The implementation looks like this:
- We get the version field for UserObjective and UserAchieve and Sequence in PostgreSQL.
- Each update of the UserObjective entity changes its version. The value is taken from the sequence (we have it common to all records).
- The version value for UserAchieve will be determined as the maximum of the versions of the associated UserObjective.
- At each processing cycle, AchievesWorker searches for such UserObjective for which there is no UserAchieve or UserAchieve.version <UserObjective.version. The problem is solved by a single query to the database.
Immediately it is worth noting that the solution has limitations on the number of entries in the tables of awards and tasks, as well as on the frequency of changes in progress on tasks, but with a couple of tens of millions of awards and the number of updates less than a thousand per minute, it is quite possible to live with such a solution. Somehow we will separately tell about how we optimized the issuance for the contest “
2GIS Agents ”.
findings
Despite the fact that the article turned out to be quite voluminous, a lot of nuances remained behind the scenes, since it would not be possible to talk about them briefly.
What conclusions have we made thanks to the Awards:
- The principle of "divide and rule" in this case played into our hands. The allocation of event handlers to each source helps us scale when necessary.
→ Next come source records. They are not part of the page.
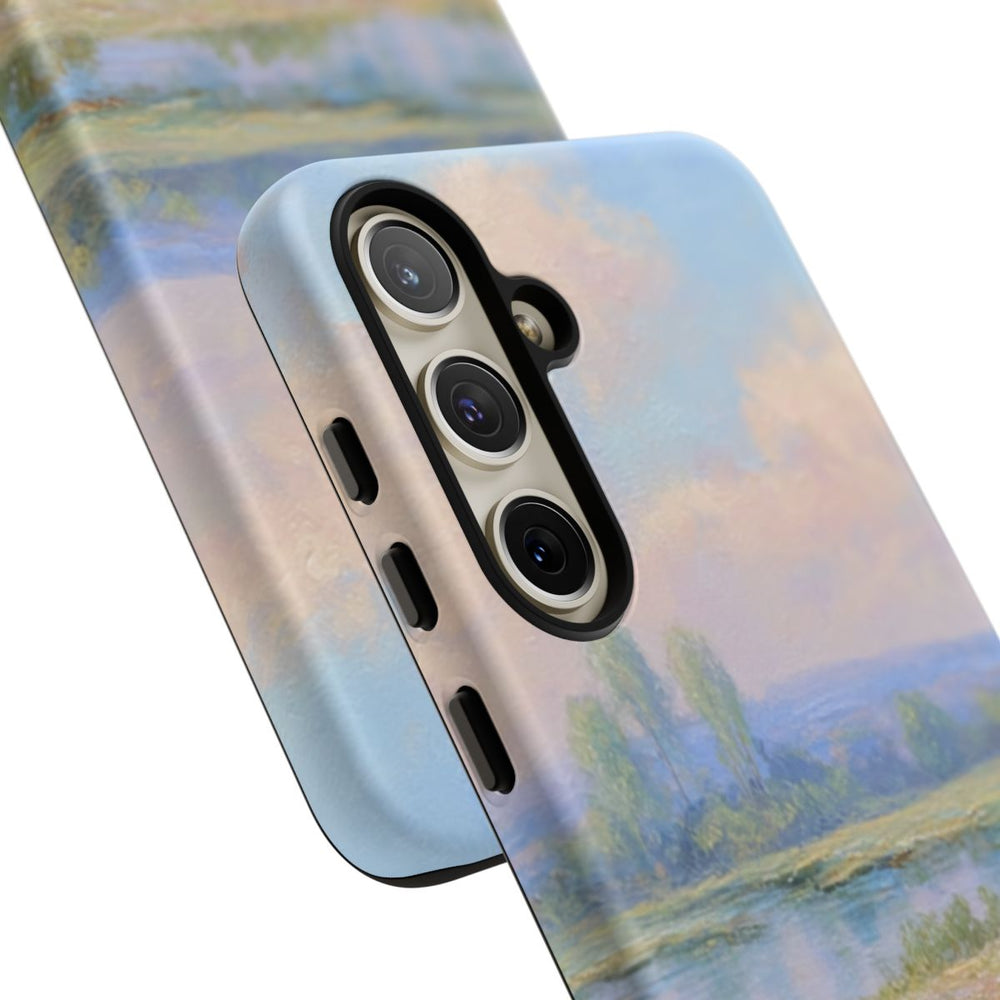 Dit ontwerp toont een rustig lentelandschap met zachtroze kersenbloesembomen aan beide zijden. Op de voorgrond staat een kleurrijke weide vol blauwe, paarse en oranje wilde bloemen. In het midden ligt een kalme vijver die de lichtblauwe lucht met witte wolken weerspiegelt. Op de achtergrond lopen de heuvels over in lichtgroene bomen. De afbeelding is gedrukt op een matte, stevige telefoonhoes met dubbele laag, geschikt voor de Galaxy S24 Plus.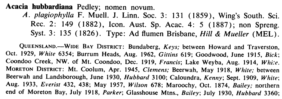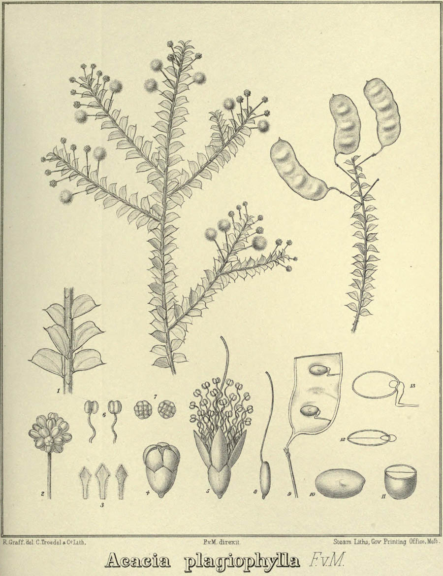 Протолог Acacia plagiophylla F. Muell., nom. illeg. (Journal of the Proceedings of the Linnean Society. Botany 3: 131. 1859):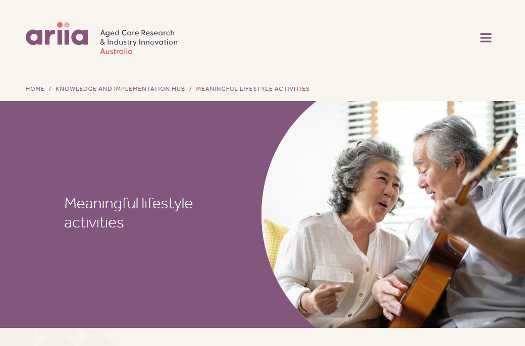 This resource discusses the importance of engagement in meaningful lifestyle activities for people living in aged care. It includes information about understanding meaningful lifestyle activities and links to a collection of resources collated by ARIIA that are relevant to this theme.

Their work is isolated according to data and intersects only in small areas. Highlighting reward logic allows you to reduce overhead in event handlers.
- If you need to digest a lot of data and processing is quite expensive, you should immediately think about how to filter out what is definitely not needed. Experience with filtering a BSS stream is an example.
- Once again, we were convinced that the integration of services through a common event bus is very convenient and allows you to avoid unnecessary load on other services. If the Rewards service received data from the Photo, Reviews, etc. services through http-requests, then several services would have to be prepared for an additional load.
- A bit of metaprogramming can help maintain the integrity of data configuration and separate environments arbitrarily. Storing filters, rules and strategies in the database simplified the process of developing and releasing new awards.